Fig. 5. XTcf-4 regulates the expression of midbrain and isthmus marker genes. Ten picomoles of XTcf-4 morpholino were coinjected with 100 pg EGFP-RNA. At late neurula stages, embryos were sorted by the fluorescence signal of the coinjected EGFP. At stage 30, embryos were fixed and stained by in situ hybridization for the expression of the indicated genes. The midbrain marker genes wnt-2b, otx-2, and pax-6 and the isthmus marker genes en-2 and fgf-8were markedly reduced at the XTcf-4 morpholino (Tmo)-injected side (marked with an asterisk), while the forebrain marker bf-1 and the rhombomere 3 and 5 marker krox-20 were not reduced. The control morpholino (Como) did not reduce the expression of any of the marker genes analyzed. In early neurula (stage 13), the XTcf-4 morpholino did not alter the expression of pax-6. f: forebrain, m: midbrain, h: hindbrain.
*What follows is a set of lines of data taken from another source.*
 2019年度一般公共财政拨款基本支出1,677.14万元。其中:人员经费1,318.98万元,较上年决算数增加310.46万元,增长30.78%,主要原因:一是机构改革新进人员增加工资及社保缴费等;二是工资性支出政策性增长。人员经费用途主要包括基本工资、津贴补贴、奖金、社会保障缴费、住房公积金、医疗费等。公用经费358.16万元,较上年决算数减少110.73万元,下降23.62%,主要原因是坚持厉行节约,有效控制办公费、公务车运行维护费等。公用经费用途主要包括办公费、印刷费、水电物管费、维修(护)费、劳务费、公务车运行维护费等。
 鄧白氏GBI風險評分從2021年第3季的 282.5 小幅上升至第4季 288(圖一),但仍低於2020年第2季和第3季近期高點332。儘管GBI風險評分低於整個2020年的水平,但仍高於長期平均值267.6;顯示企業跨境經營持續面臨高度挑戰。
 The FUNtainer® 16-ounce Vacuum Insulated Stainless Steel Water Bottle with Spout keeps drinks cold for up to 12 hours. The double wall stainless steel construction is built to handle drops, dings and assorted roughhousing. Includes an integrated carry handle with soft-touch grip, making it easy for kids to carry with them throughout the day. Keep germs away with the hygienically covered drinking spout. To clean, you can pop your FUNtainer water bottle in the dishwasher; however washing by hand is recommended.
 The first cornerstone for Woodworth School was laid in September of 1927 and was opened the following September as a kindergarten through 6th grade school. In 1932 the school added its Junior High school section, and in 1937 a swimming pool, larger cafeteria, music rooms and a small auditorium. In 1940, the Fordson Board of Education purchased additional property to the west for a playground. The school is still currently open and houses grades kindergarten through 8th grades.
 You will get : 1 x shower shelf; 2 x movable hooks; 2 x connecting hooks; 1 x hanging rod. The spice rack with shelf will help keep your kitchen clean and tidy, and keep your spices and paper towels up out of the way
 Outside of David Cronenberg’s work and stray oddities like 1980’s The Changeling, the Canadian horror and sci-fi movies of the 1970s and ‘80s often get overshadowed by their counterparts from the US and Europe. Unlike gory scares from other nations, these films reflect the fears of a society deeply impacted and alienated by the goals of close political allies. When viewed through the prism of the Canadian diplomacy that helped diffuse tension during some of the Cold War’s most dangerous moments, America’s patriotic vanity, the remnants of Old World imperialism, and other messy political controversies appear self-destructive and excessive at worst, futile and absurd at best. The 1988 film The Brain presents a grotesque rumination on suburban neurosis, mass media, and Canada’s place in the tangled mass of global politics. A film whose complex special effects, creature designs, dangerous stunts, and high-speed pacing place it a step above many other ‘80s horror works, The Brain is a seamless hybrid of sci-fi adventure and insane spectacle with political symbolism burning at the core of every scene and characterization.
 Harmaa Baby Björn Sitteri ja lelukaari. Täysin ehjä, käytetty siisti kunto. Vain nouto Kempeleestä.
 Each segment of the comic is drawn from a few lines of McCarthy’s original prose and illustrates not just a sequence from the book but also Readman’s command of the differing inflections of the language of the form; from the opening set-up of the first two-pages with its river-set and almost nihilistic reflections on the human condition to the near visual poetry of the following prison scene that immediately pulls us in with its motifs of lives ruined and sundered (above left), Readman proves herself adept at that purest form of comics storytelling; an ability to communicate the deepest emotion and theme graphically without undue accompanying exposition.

Fig. 7. XTcf-4A and XTcf-4C differ in restoring midbrain and isthmus defects. (A) In situ hybridizations of stage 30 embryos for marker gene expression specific for midbrain (wnt-2b, pax-6) or isthmus (en-2, wnt-1) demonstrate that the individual isoforms of XTcf-4 restore different regions of the brain. Dorsal view of wnt-2b, pax-6, and en-2 stained embryos reveal that the isoform XTcf-4A restored the expression of midbrain markers (wnt-2b and pax-6), whereas XTcf-4C restored the expression of the isthmus marker en-2. Transversal sections through the isthmus (row 4) demonstrate that en-2 expression was restored by XTcf-4C but not by XTcf-4A in XTCF-4-depleted embryos. The curved expression domain of wnt 1 posteriorly demarcating the isthmus (arrowhead) is best seen in the lateral view (see uninjected side, row 5). At the injected side (row 6), this curved wnt-1 expression was restored by XTcf 4C, but not by XTcf 4A. One blastomere of two-cell stage embryos was coinjected with EGFP and the indicated construct. At late neurula stages, embryos were sorted by the fluorescence of EGFP. The asterisks mark the injected side. m: midbrain, h: hindbrain. (B) Quantification of the ability of the XTcf-4 isoforms to restore the expression of wnt-2b, pax-6, en-2, fgf-8, and wnt-1 in XTcf-4-depleted embryos. The number of analyzed embryos is given.